I wrote an agent that’s so good I can’t beat it. Here’s how it works.
First, think about the simplest possible agent. When it’s their turn, they see what actions they have available. These actions are each of the columns they could drop the chip into. There are 7 different choices (unless some of the columns are full, then there are fewer). The simple agent just randomly picks an available column. It doesn’t know anything about Connect4 or what move is best, it just picks one. This agent isn’t very good.
Another approach would be to try and write a smart agent that understands Connect4. Maybe there’s an optimal strategy, it could detect twos and threes in a row to build on or protect against, or maybe it’ll use heuristics for tricking the other player.
Or maybe we could train a machine learning model to analyze past games and figure out which game states are good and which actions lead to them. We could train it on professional Connect4 Twitch streams.
I didn’t do any of that.
The way my agent works is like this. Instead of using any sort of logic about the current state of the game, the agent runs simulations to figure out which move is best.
It needs to figure out which move has the highest probability of winning. It does this by trying every move. It copies the game state for each possible move and takes it. These are all the possible next states. To see which one is the best it simulates 10,000 “random” games that start from each of these states. In the simulated games it just picks random moves for each player. After these 10,000 games, it scores the state.
wins - losses / 10,000
Whichever action led to the state with the highest score is the action it takes in the real game.
So on each turn, the agent plays up to 70,000 games of Connect4 before picking a move.
This algorithm is called Monte-Carlo Tree Search. You can think of the game states as a tree where every action you could take is an edge leading to the next game state.
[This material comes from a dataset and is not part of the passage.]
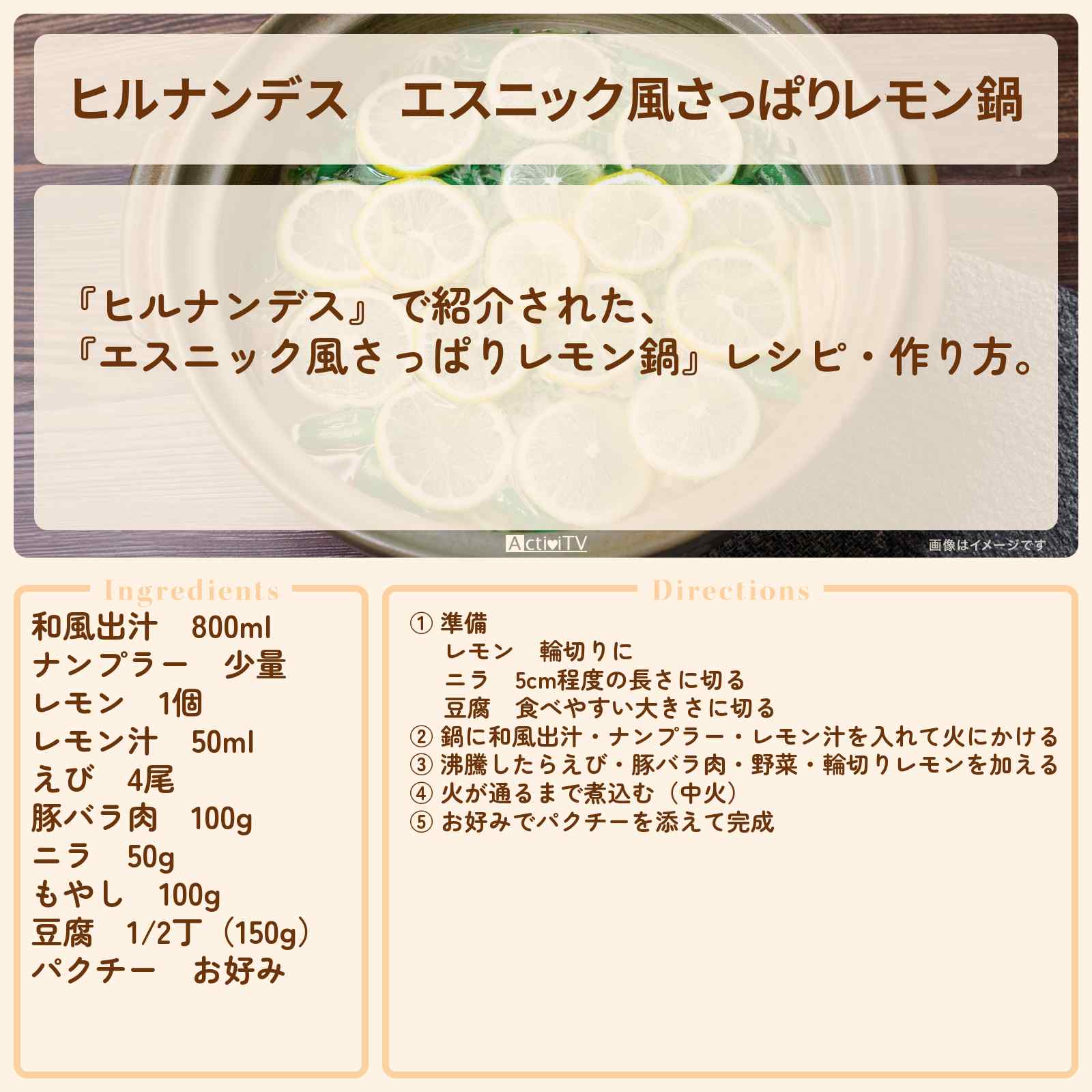 放送の【ヒルナンデス】で紹介された、『エスニック風さっぱりレモン鍋』レシピ・作り方。

The tree expands out to the leaf nodes which are the endgame states, where a player wins or it’s a tie.
Tree of Game States
This tree is huge since most nodes branch into 7 more. We can’t just traverse the whole tree so we do a bunch of depth-first random samples (the simulated games) to try and find a path more likely to lead to us winning.
This is cool because we don’t need to “understand” Connect4 to write the agent. There’s no logical evaluation of how “good” a move or game state is. We just need to simulate matches. The logic for turn selection is not much different than the random agent, we just pick a lot of random actions until we get a good vibe.
I’ve been doing a lot of research lately on game-playing agents. There are lots of different algorithms for different kinds of games. Connect4 has a lot of game states so it’s hard to just fully compute the probabilities of winning for each state and action. (You could do this in a simpler game like tic-tac-toe and can just calculate every possible move for every possible game.) Connect4 is easy to simulate though so this works well.
The agent is written in rust. It’s not really optimized, just runs all the simulations on a single thread, but it still goes fast enough (on my laptop) to play against.
The code for the agent (which you can play against) is here. https://github.com/saolsen/connect4 Good luck trying to beat it!